>>>>>

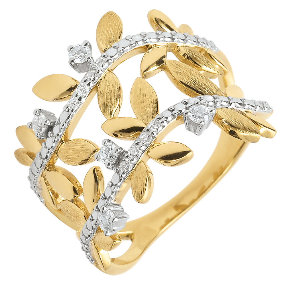 Romantyczny pierścionek z żółtego złota wysadzany 13 diamentami, wykonany naprzemiennie z błyszczących złotych liści i z liści ze złota szczotkowanego ręcznie.
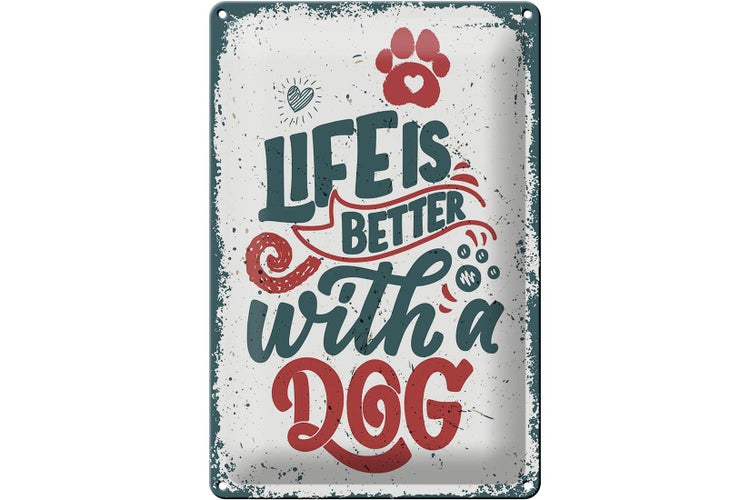 Blechschild Spruch Life is better with a Dog rot 20x30cm
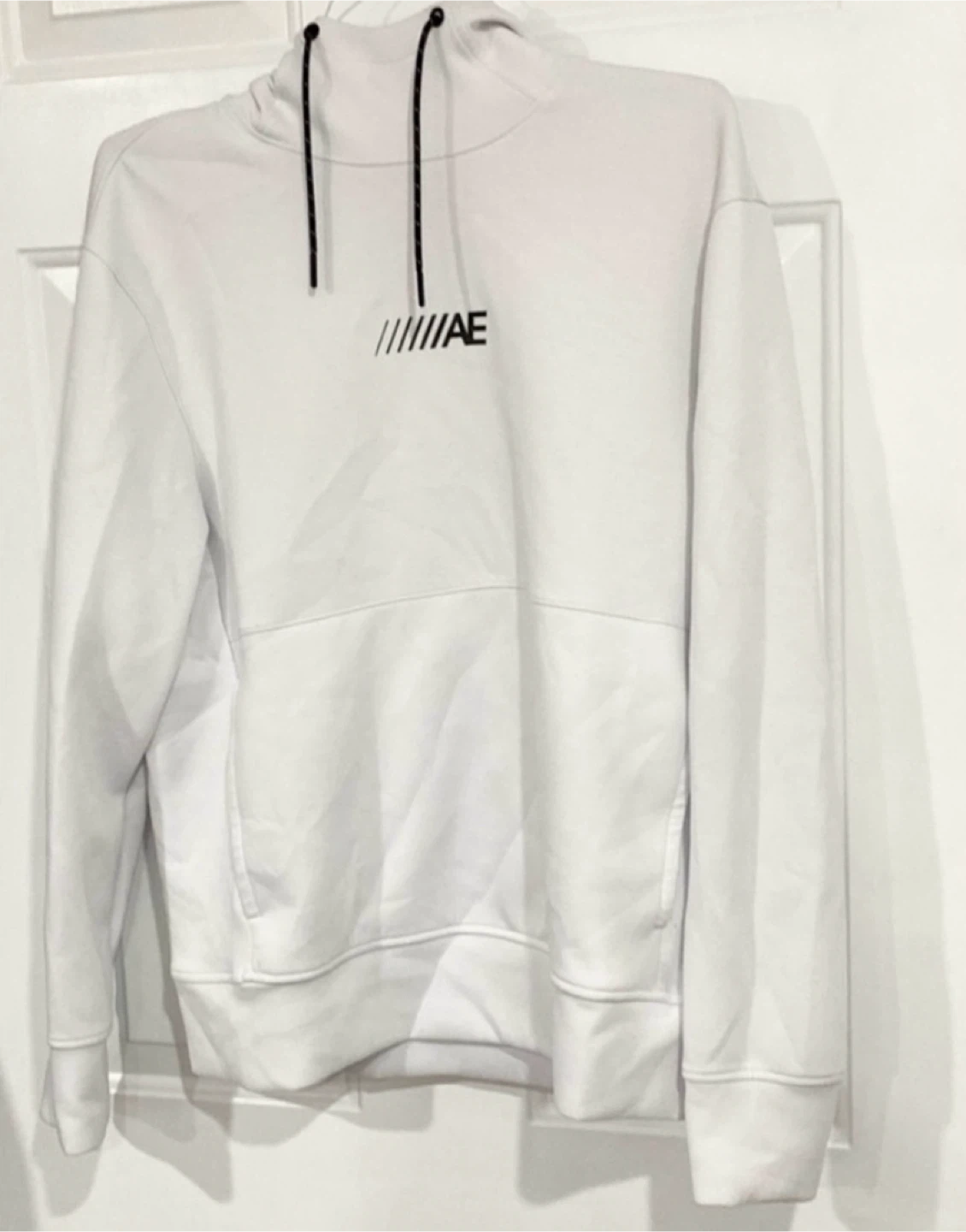 Selling a gently used white hoodie from American Eagle! It's a size medium and in great condition. The hoodie features the AE logo and a drawstring hood. Perfect for staying cozy on cooler days
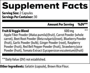 Ingredients: Apple Fiber Powder (Malus pumila) (fruit), Carrot Powder (whole carrot), Beet Root Powder (Beta vulgaris) (root), Blueberry Powder (fruit), Garlic Powder (bulb), Ginger Powder (root), Raspberry Powder (fruit), Red Bell Pepper Powder (fruit), Strawberry Juice Powder (fruit), Tomato Extract (Lycopersicon esculentum) (fruit), Gelatin (capsule), Brown Rice Flour.
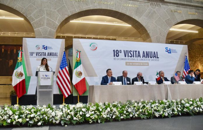 Ciudad de México, 22 de octubre.– En el marco de la 18ª visita anual de la Cámara Regional de Comercio de San Diego al Senado de la República, Ruth González Silva, destacó la relevancia de la cooperación política y económica entre México y Estados Unidos, enfatizó que ambos países enfrentan una oportunidad crucial para consolidar su relación bilateral, en términos económicos, así como en materia de políticas sociales, ambientales y de seguridad.

<<<<<

• Your instructions: Give again, exactly, the lines from the start of the data through the one holding "Ingredients: Apple Fiber"; omit the pictures.

• Solved problem:
 Romantyczny pierścionek z żółtego złota wysadzany 13 diamentami, wykonany naprzemiennie z błyszczących złotych liści i z liści ze złota szczotkowanego ręcznie.
 Blechschild Spruch Life is better with a Dog rot 20x30cm
 Selling a gently used white hoodie from American Eagle! It's a size medium and in great condition. The hoodie features the AE logo and a drawstring hood. Perfect for staying cozy on cooler days
 Ingredients: Apple Fiber Powder (Malus pumila) (fruit), Carrot Powder (whole carrot), Beet Root Powder (Beta vulgaris) (root), Blueberry Powder (fruit), Garlic Powder (bulb), Ginger Powder (root), Raspberry Powder (fruit), Red Bell Pepper Powder (fruit), Strawberry Juice Powder (fruit), Tomato Extract (Lycopersicon esculentum) (fruit), Gelatin (capsule), Brown Rice Flour.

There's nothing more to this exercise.